Wirtschaftliche Faktoren und soziale Folgen

Die wirtschaftliche Lage in Russland hat sich seit den westlichen Sanktionen deutlich verschlechtert. Die Inflation ist hoch, viele ausländische Unternehmen haben das Land verlassen, und die Abhängigkeit von Energieexporten ist zu einer Belastung geworden. Obwohl die russische Wirtschaft dank hoher Öl- und Gaspreise in den ersten Monaten des Krieges noch einigermaßen stabil blieb, zeichnen sich nun Risse ab. Die Löhne sinken real, die Arbeitslosigkeit steigt, und die soziale Ungleichheit nimmt zu. Besonders betroffen sind ältere Menschen und Familien mit niedrigem Einkommen, die auf staatliche Unterstützung angewiesen sind.

Diese wirtschaftlichen Probleme haben direkten Einfluss auf die Popularität Putins. In Umfragen vor dem Stopp der Veröffentlichung gaben viele Befragte an, dass sie mit der Wirtschaftspolitik unzufrieden seien. Die Regierung versucht zwar, mit Sozialprogrammen und Subventionen gegenzusteuern, doch die finanziellen Spielräume werden enger. Zudem belasten die hohen Militärausgaben den Staatshaushalt, sodass für andere Bereiche weniger Geld bleibt.

Mögliche Szenarien für die Zukunft

Wie wird es weitergehen? Einige Analysten spekulieren, dass Putin bald einen neuen innenpolitischen Kurs einschlagen könnte. Denkbar wäre eine verstärkte Repression gegen abweichende Meinungen, um die Gesellschaft noch stärker zu kontrollieren. Oder aber der Kreml könnte versuchen, durch außenpolitische Erfolge von den inneren Problemen abzulenken. Ein Sieg im Krieg in der Ukraine wäre zwar das wirksamste Mittel, aber derzeit ist ein solcher Sieg nicht absehbar. Ein weiteres Szenario ist, dass es tatsächlich zu einem Machtkampf innerhalb der Elite kommt – mit ungewissem Ausgang.

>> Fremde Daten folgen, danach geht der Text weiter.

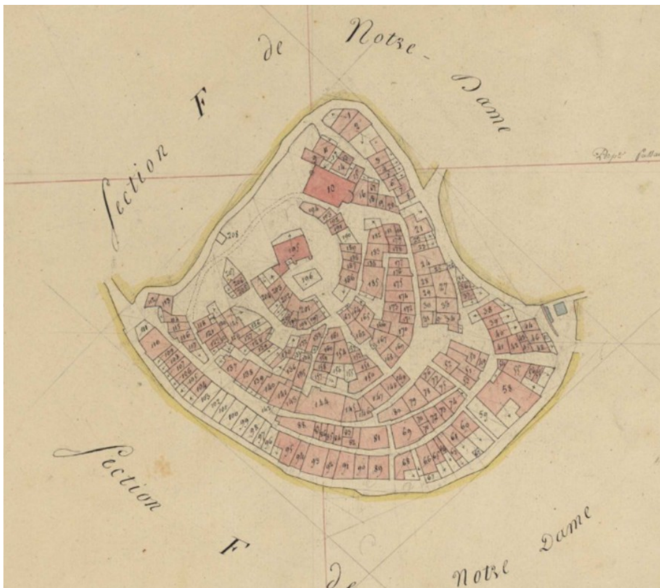
Le village d'Entrevennes en 1824, cadastre napoléonien.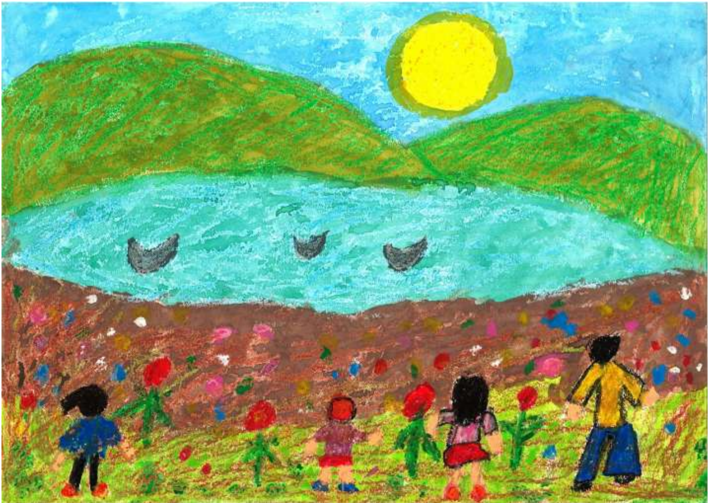
<やまと国際アートフェスタ>作品シリーズ その3

あの手この手のマークの間のSはsolution(解決)のSです。 大和市民活動センター[拠点やまと] 第95号 2015年6月1日発行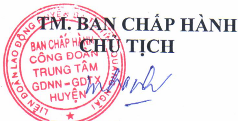
Trần Ngọc Thanh

Điều 19: Trong quá trình thực hiện nếu có điều nào cần điều chỉnh, bổ sung thì báo cáo cùng phối hợp sửa đổi cho phù hợp với tình hình thực tiễn tại đơn vị.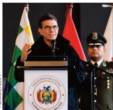
El presidente Rodrigo Paz Pereira.

El mandatario volvió a desmentir la privatización de las empresas estatales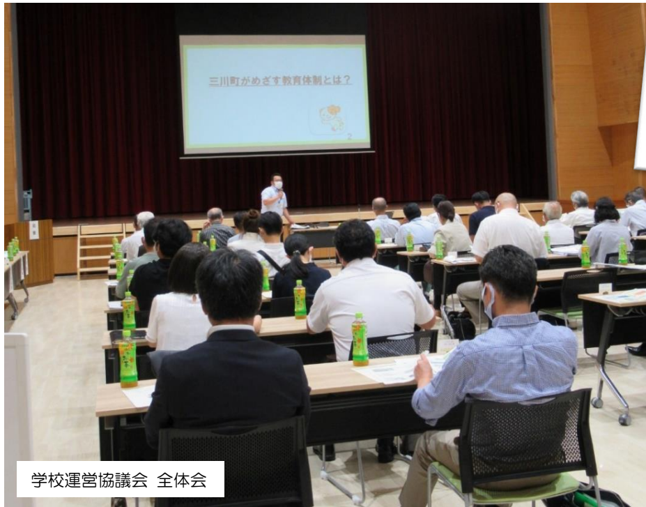
学校運営協議会 全体会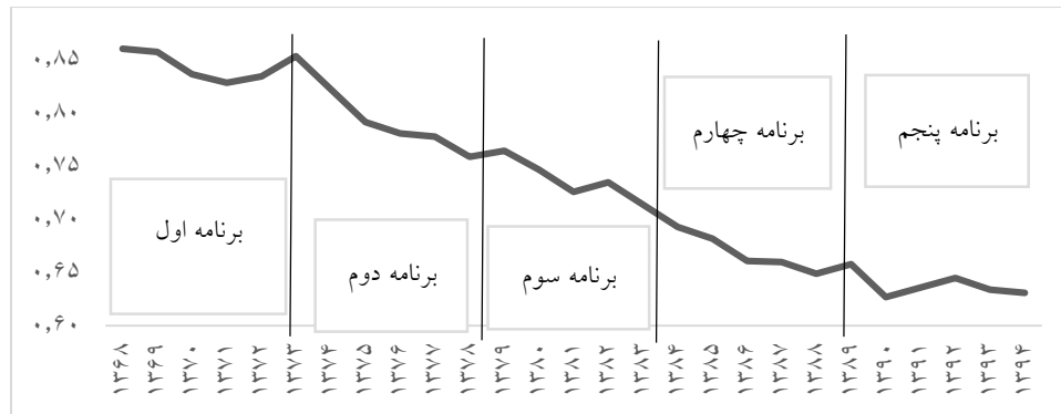
شکل ۱: روند شاخص تمامیت زیست محیطی برای دوره ۱۳۶۸ تا ۱۳۹۴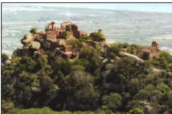
Visió aèria del castell

contra Ramon Berenguer I proclamant-se «príncep independent d'Olèrdola» i just després d'haver-li prestat jurament (1039). Finalment fou sotmès pel comte barceloní l'any 1059.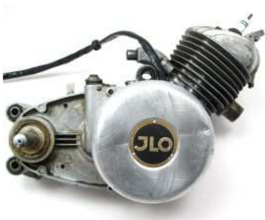
Motor der ILO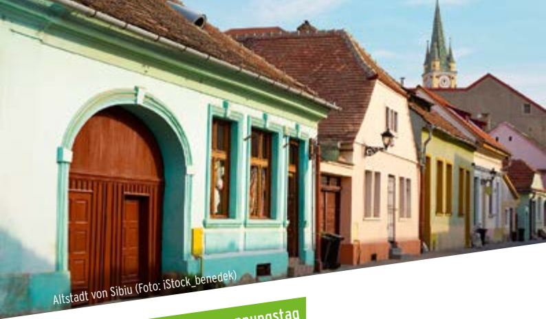
Altstadt von Sibiu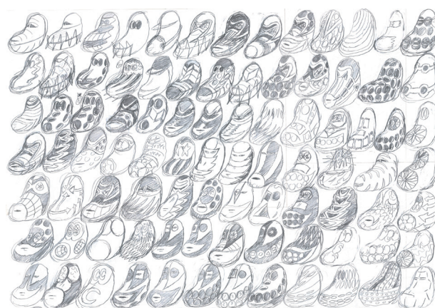
「ふれてみよ② <ミロ変顔>のためのドローイング(2)」2014 ©Yuichi Yokoyama, Courtesy of ARATANIURANO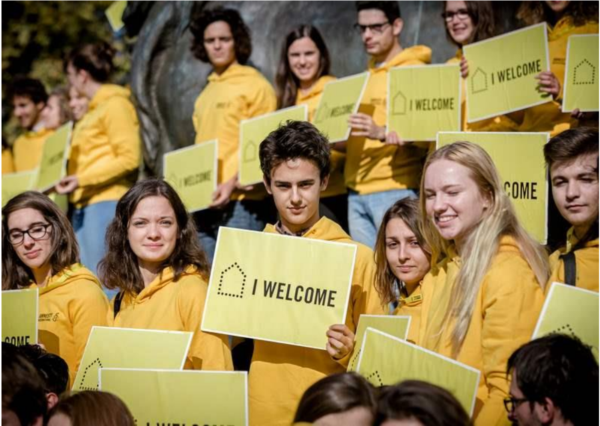
Slika 3. Volonteri organizacije Amnesty International prihvaćaju izbjeglice u Francuskoj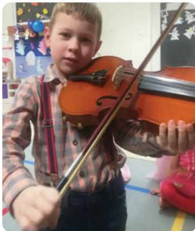
Pokaz instrumentów w naszym przedszkolu.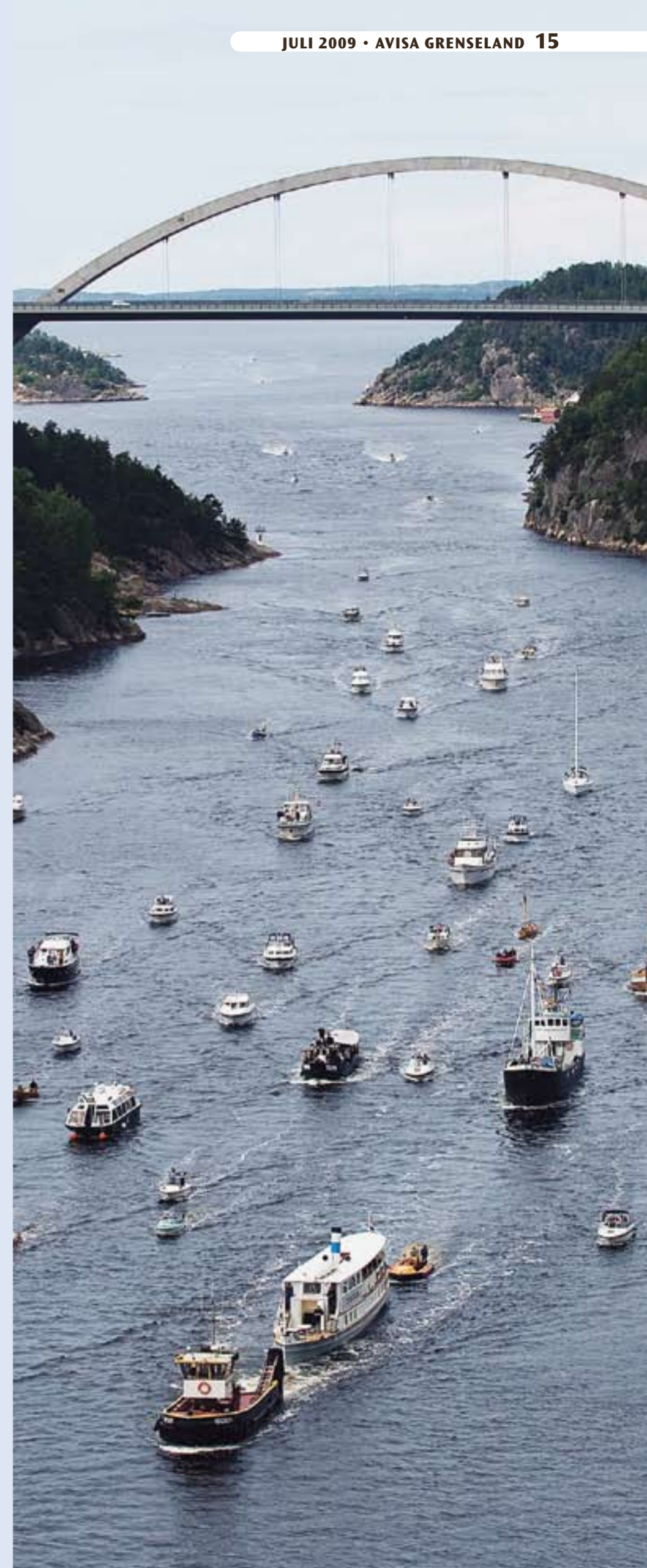
D/S «Turisten» ankom Halden søndag 7. juni, etter mange års restaurering hos Hansen & Arntzen i Stathelle.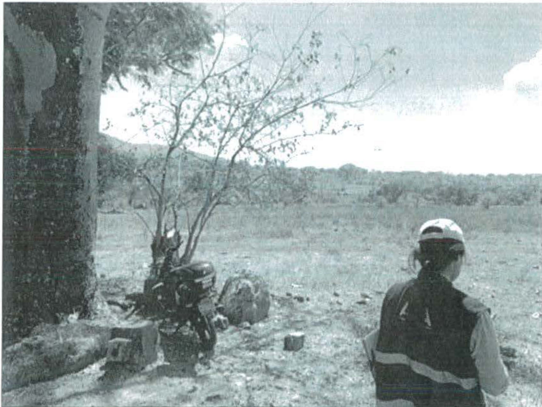
Fotografía 1. Condiciones del punto de exploración.

Calle La Reforma # 219 Colonia San Benito, San Salvador, El Salvador, Centro América.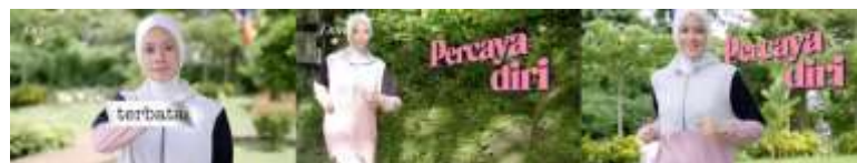
Gambar 12. Scene 13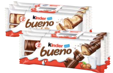
KINDER BUENO CLASSICO /WHITE 43G X3

Der Stopp der Umfrageveröffentlichung ist ein kleines, aber bedeutsames Mosaiksteinchen in diesem komplexen Bild. Er zeigt, dass die Regierung nervös ist und versucht, die öffentliche Wahrnehmung zu manipulieren. Ob dies gelingt, bleibt abzuwarten. Fest steht jedoch, dass die Popularität eines Herrschers in einem autoritären System nicht unbegrenzt haltbar ist. Wenn die Menschen das Vertrauen verlieren, kann das Fundament der Macht schnell brüchig werden.

Die kommenden Wochen und Monate werden zeigen, ob Putin in der Lage ist, den Abwärtstrend zu stoppen und seine Führung zu stabilisieren. Oder ob die Entwicklung hin zu einer offenen Krise im Machtapparat führt, wie es der Titel des ursprünglichen Artikels beschreibt. In jedem Fall wird die Welt aufmerksam nach Moskau blicken, denn die Entwicklungen in Russland haben weitreichende Auswirkungen auf die globale Sicherheitsordnung.